The item-writing process itself provided training to the writers and emphasized adherence to format and content specifications. Items were thoroughly reviewed by the item writing team as well as the NARM Board for adherence to these specifications. Item edits or item deletions were performed as necessary. Unquestionably, the procedures should ensure that the final forms of the tests exhibit content validity, and that the tests should, in theory, measure the KSAs needed for minimum proficiency as defined by the NARM board. There is also no question that the tests will exhibit job relatedness.
As in any valid certification program, the minimum proficiency needed to protect the safety of the public is defined by a panel of experts within the occupation. Widely accepted procedures were employed in determining pass/fail cut scores on both the written and performance components of the certification assessment procedures. While all cut-score methodologies rely on human judgment, SMT took significant precautions to minimize the error inherent in these judgments. As such, these cut-scores are likely to be as accurate as those associated with any quality certification program for the classification of competent versus non-competent candidates.
However, as with most newly-formed certification tests, there is a lack of empirical evidence describing the performance of the tests at and around the cut-scores, and a lack of criterion-related validity data showing evidence of the test(s) accuracy in classifying candidates.
This type of data takes time and resources to collect, and I would recommend that this issue be further researched by SMT and NARM. Given SMT's and NARM's planned attention to the maintenance and continuous improvement of the system over time, I have no doubt that this data will eventually be available. Other identified "weaknesses" in the certification system also pertain to the lack of statistically-related psychometric information, which again is to be expected in a newly developed certification system.
The certification process incorporates information and procedures to ensure accuracy and fairness in testing. These include well-defined test specifications provided to the candidates; thorough standardization of test administration procedures; training for Qualified Evaluators administering performance assessments; feedback to examinees regarding test performance; automatic re-scoring of tests resulting near the cut-scores; adequate procedures for test review and re-testing for failing candidates; and procedures for appeal for those not meeting certification requirements. Additionally, the screening of certification applicants performed via rigorous prerequisites should ensure that only individuals with the appropriate training and experience will be allowed to even attempt the certification assessments.

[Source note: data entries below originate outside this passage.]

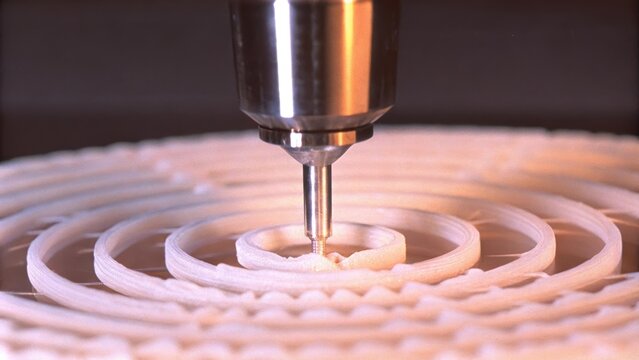 An image focused on a substance being spun onto a wafer using spincoating technology capturing the flowing liquid and the uniform coating technique in action.
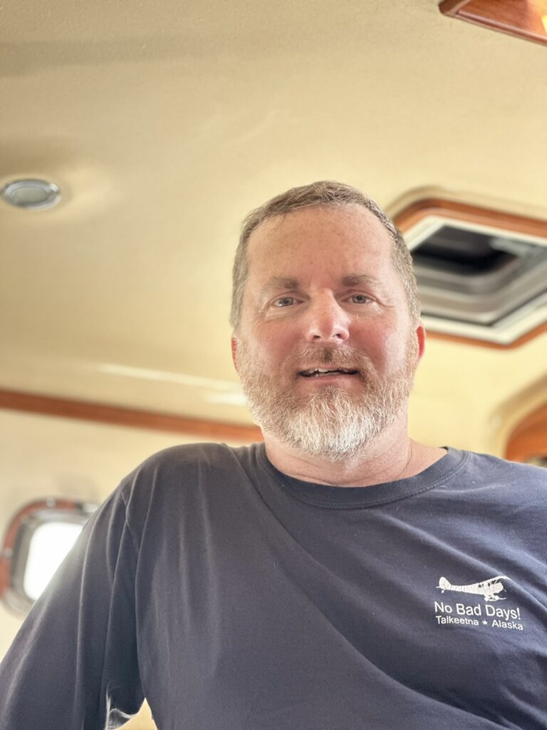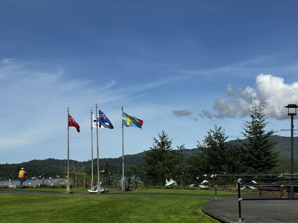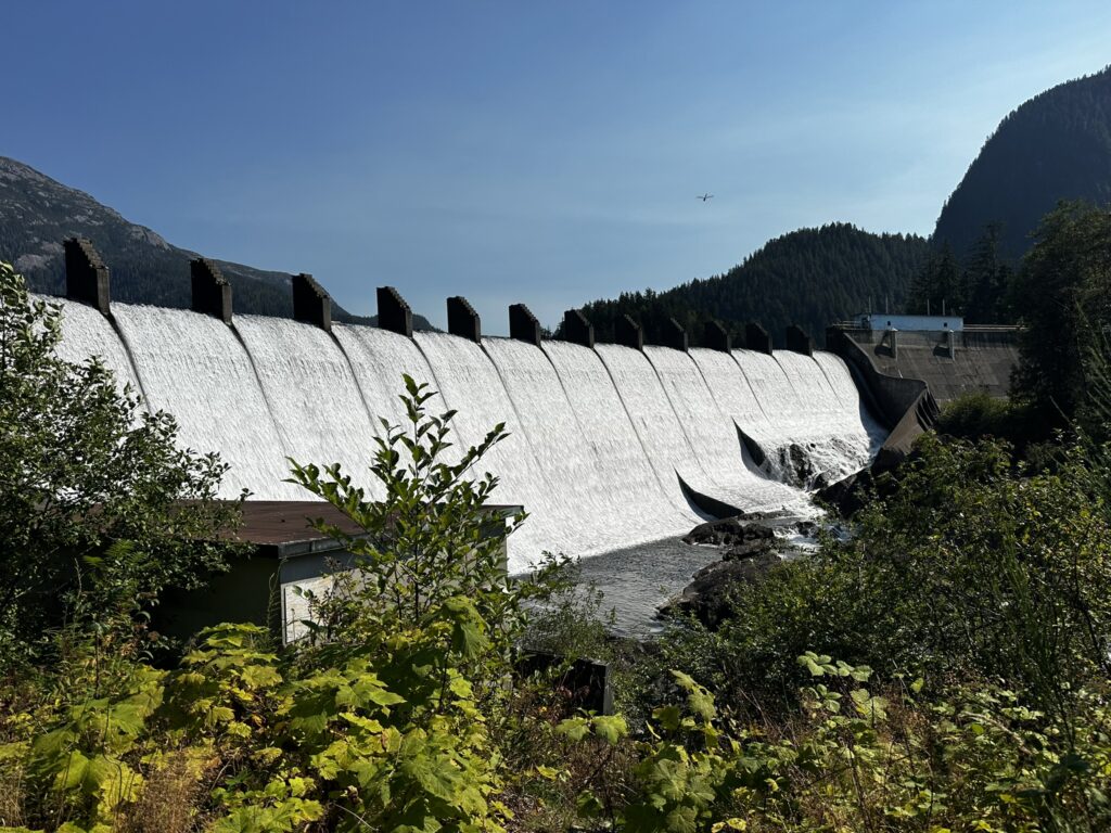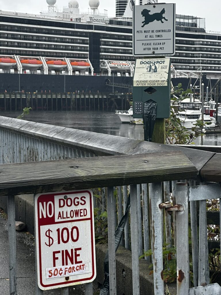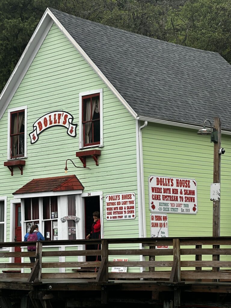 We had stopped in Ketchikan years ago on a commercial Alaskan cruise and were looking forward to exploring it from our own boat, at our own pace. There are several marinas in Ketchikan and we chose to stay at the Thomas Basin Marina which is in downtown, near where the cruise ships tie up. In fact, with about 15 knots of wind on our beam, we had to pass around the front a Holland America ship to enter our marina. This turned out to be a great location. Although somewhat busy during the day when multiple cruise ships are in, the last one leaves around 6:30 pm and the town is quiet after that. There are no amenities at that marina, however, the Ketchikan Yacht Club is in the same location and offers the use of their facilities for a small daily fee. So we had access to showers, laundry, a kitchen, and a place to hang out off the boat. They also have slips for transient boats that we will certainly take advantage of on our way back north. We had fun walking around town. Our highlights were the Salmon Walk (a two mile walk along the river with salmon swimming upstream), the Bawden Street Brewing Co., Baleen Brewing, The Bush Pilot’s Lounge (excellent food and a great view) and the 108 Tap House and Burger Bar (amazing burgers). There are some great hikes in the area but unfortunately we were fighting colds while there and didn’t do any this time around. The bus system is easy to use and made grocery shopping easy.
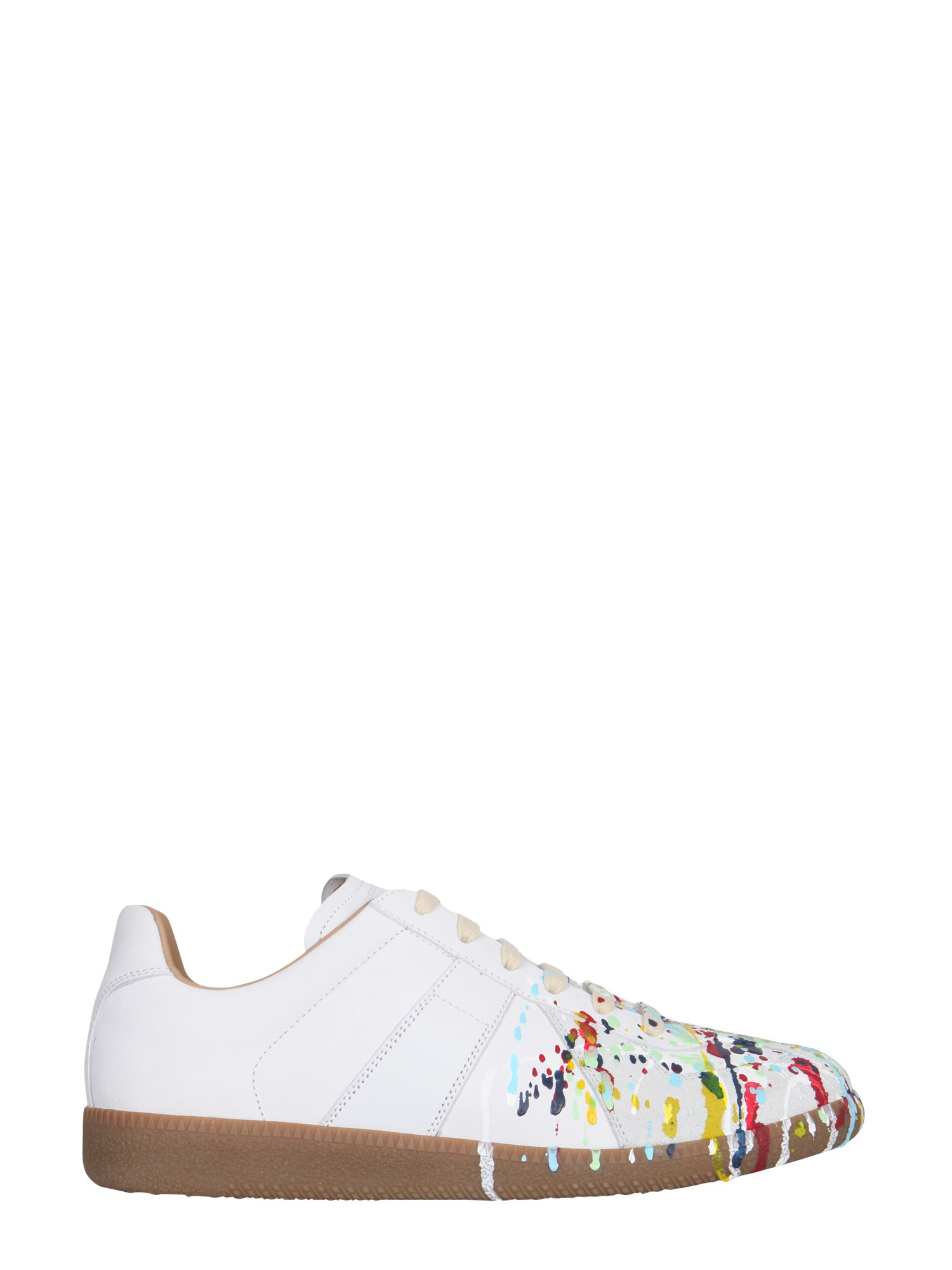 Le sneakers Replica in pelle nubuck e velour con disegno a schizzi di vernice. Le iconiche sneakers Replica della Maison si ispirano alle scarpe sportive austriache degli anni Settanta. I dettagli dei modelli Replica vengono continuamente rielaborati in base alle ispirazioni della stagione.
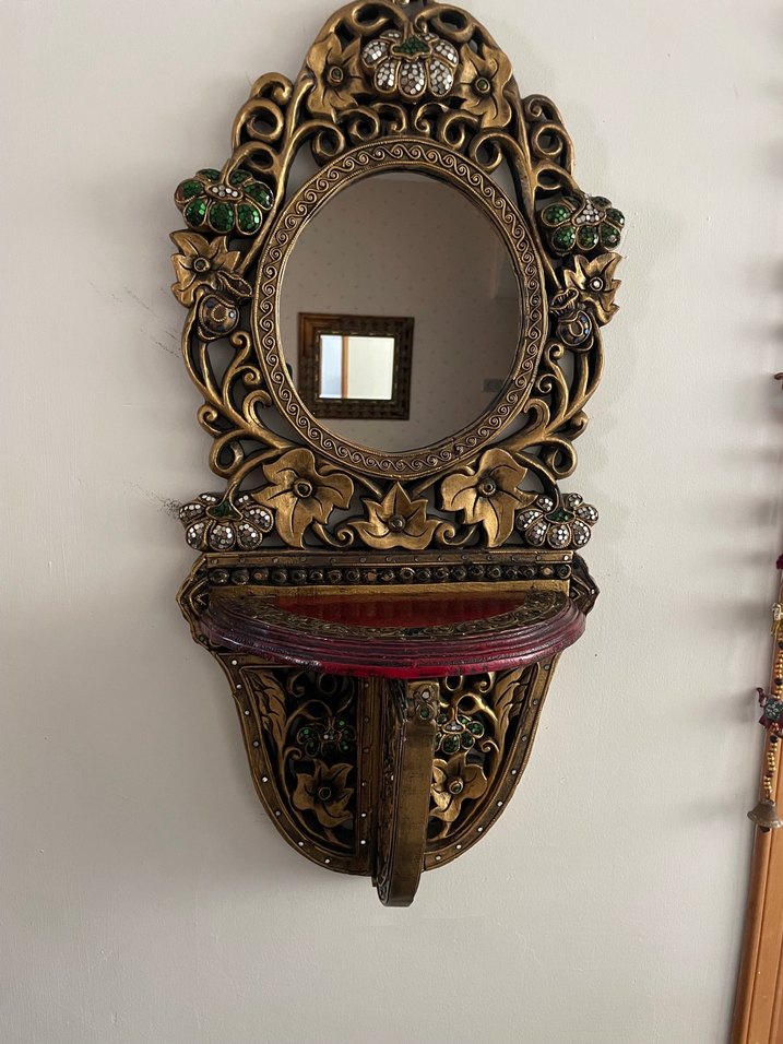Kervandan yıllar önce alınmıştır Yeşil ve kırmızı detaylı çiçek desenleriyle süslenmiş koyu altın renkli, vintage tarzda bir ayna.

The overall quality of the processes used by Schroeder Measurement Technologies, Inc. to develop certification tests and testing procedures is very high and represents best practice within industry standards. I would venture to say that the quality is at least as good as comparable certification programs and likely better than most. The procedures followed were clearly based on established standards for educational and psychological testing as set forth by the American Educational Research Association, American Psychological Association, and the National Council on Measurement in Education.
Outlines of Findings in the Review Leading To Testimony
Some General Issues in Certification Testing
- The primary objective of certification/licensure is the protection of the public health and safety.
- Protection of public safety and health is a function of the ability of the certification procedures to identify and classify individuals who possess, versus those who do not possess, the minimum knowledge, skills, and abilities (KSAS) required to competently perform the tasks necessary to the occupation.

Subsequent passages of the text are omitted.